“Angela lifted the toast on to the table. “I got Antoinette to make anchovy toast for us,” she said. “It looks good, doesn’t it? Take a slice, Anne-Marie.”
Anne-Marie took the top slice. It seemed to have rather a peculiar smell. Anne-Marie looked rather doubtfully at it.
“It’s all right,” said Alison, seeing her look. “Anchovy always smells a bit funny I think.”
She and Anne-Marie took a good bite out of their toast at the same second. The shoe cream tasted abominable.”

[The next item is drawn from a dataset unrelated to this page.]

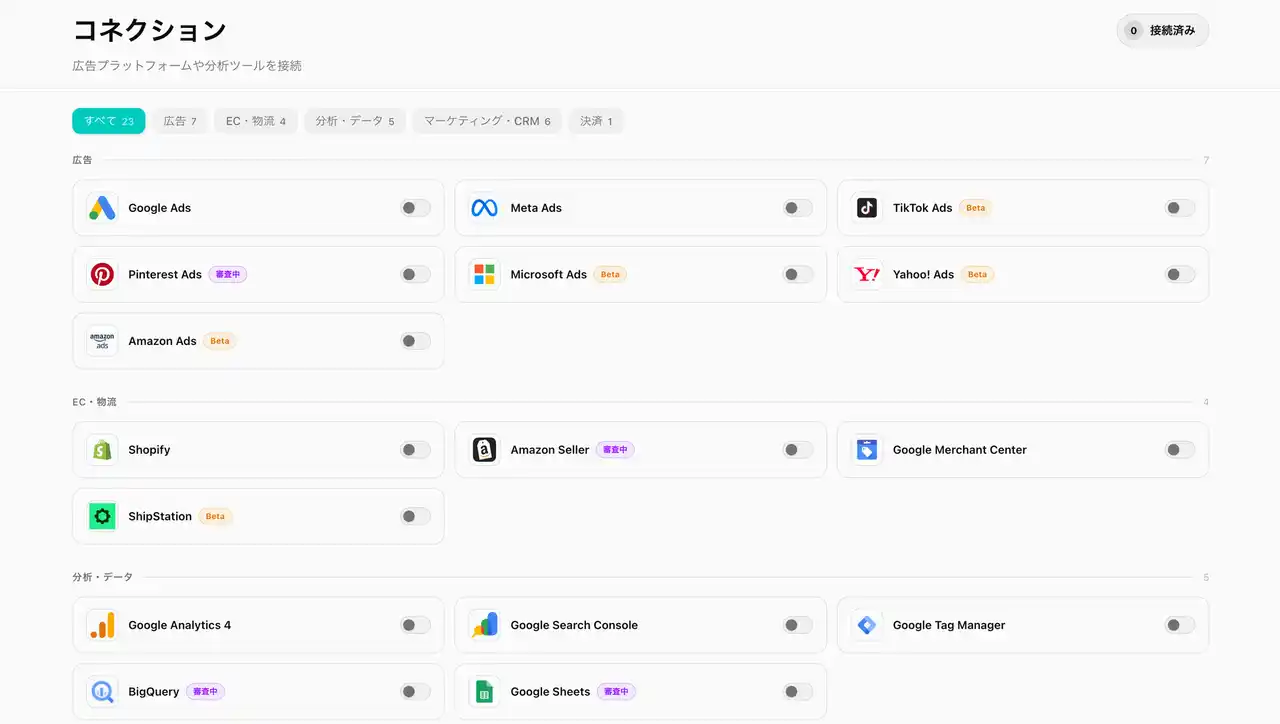 Google、Meta、TikTok、Microsoft、Pinterest、Yahoo!、Amazonの7媒体を1つのAIエージェントから統合管理。媒体横断のROAS / CPA / CPC比較、予算配分の最適化、新規キャンペーンの作成を単一インターフェースで実行します。 |

This is one of my favourite-ever scenes in Enid Blyton’s St Clare’s boarding school series, which comes after “fun-loving French girl” Antoinette pays out the mean fifth-formers by spreading their toast with shoe polish instead of anchovy paste. To add insult to injury, she then tells Matron of her ‘mistake’ so the three girls end up getting a dose of Matron’s nasty medicine while Antoinette gets cosseted with chocolate by Mam’selle.
I’ve been thinking about this scene a lot recently after discovering what might be one of the loveliest cookbooks I’ve ever come across. It’s The Little Library Cookbook by Australian/Londoner Kate Young and it is utterly perfect.

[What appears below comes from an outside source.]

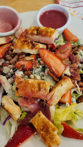 Our waitress was fantastic but the food was slow coming out and some of our order was wrong. I even overheard her and the other servers constantly apologizing to the other tables so they must have been having issues. This was our third visit since they rebuilt the location and all 3 times have been poor experiences. This was the best of the 3 visits but less than stellar. With all the apologizing going on I never saw a manager come around noon and talk to any of the tables. I feel bad for the wait staff there having to compensate. I hope one day they can improve things.

As the name suggests, Kate’s book is a collection of recipes inspired by books old and new – from roasted pheasant inspired by Danny, Champion of the World, to spaghetti and meatballs inspired by The Godfather. There are lots of recipes from books I know and love (I Capture The Castle, The Goldfinch, Americanah, The Pursuit of Love) and lots from books I’m now desperate to read (How I Live Now, The Adventure of the Christmas Pudding, The End of the Affair). Each recipe deftly weaves together a little about the book, a little about Kate’s relationship to it, and a lot about the food. It’s such a good idea – and so beautifully executed – that part of me wants to force-feed Kate shoe polish on toast because I’m so jealous of her cleverness. But mostly, I just want this book to be a roaring success so she writes another one.

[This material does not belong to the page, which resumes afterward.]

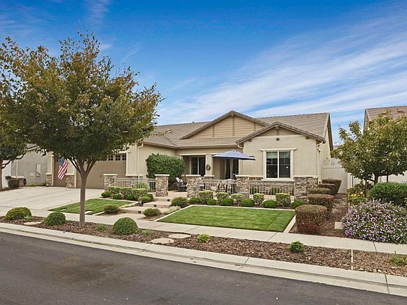 Rare 3-car garage home in the highly desirable 55+ Del Webb Woodbridge community! This beautifully upgraded property features custom-built garage cabinetry & workbenchideal for storage and projects. Enjoy peace of mind with an owned 8-panel solar system and a whole-home Generac automatic generator. Inside, you'll find top-grade wood floors, crown molding, and a spacious hearth room filled with natural light. The kitchen offers granite counters, ample cabinetry, and a large walk-in pantry. Den includes a custom built-in cabinet with Murphy bedgreat for guests or office space. The primary suite features crown molding, automated Hunter Douglas Roman shades, patio access, California organization in Walk in closet and large safe. Two walk-in storage closets, water softener, and tankless water heater add convenience. Washer, dryer, Refrigerator, family room TV and Entertainment center, patio furniture, and guest room furnishings included. Relax on the covered patio with extended pergola or sip coffee from the front courtyard with views of Liberty Park. Resort-style amenities include clubhouse, indoor/outdoor pool, gym, pickleball, walking trails, clubs & more.

In the meantime, here’s my homage to Antoinette’s anchovy paste (a rather more palatable version that won’t send you running to Matron).
Anchovy and black garlic paste
Black garlic gives this its rich, shoe polish-y colour, but you can omit it if you don’t have any.
1 x 50g tin (or 80g jar) anchovies, drained of their oil and chopped
50g softened unsalted butter
2-3 cloves black garlic
2 tsp capers
2 tsp pink peppercorns
Put everything in a small bowl (or, the bowl of a blender, if you’re lazy) and mix together to form a smooth-ish paste. Scrape into a jar (add optional ‘shoe polish’ label for kicks) and store in the fridge. Best served on very thin and crisp hot toast.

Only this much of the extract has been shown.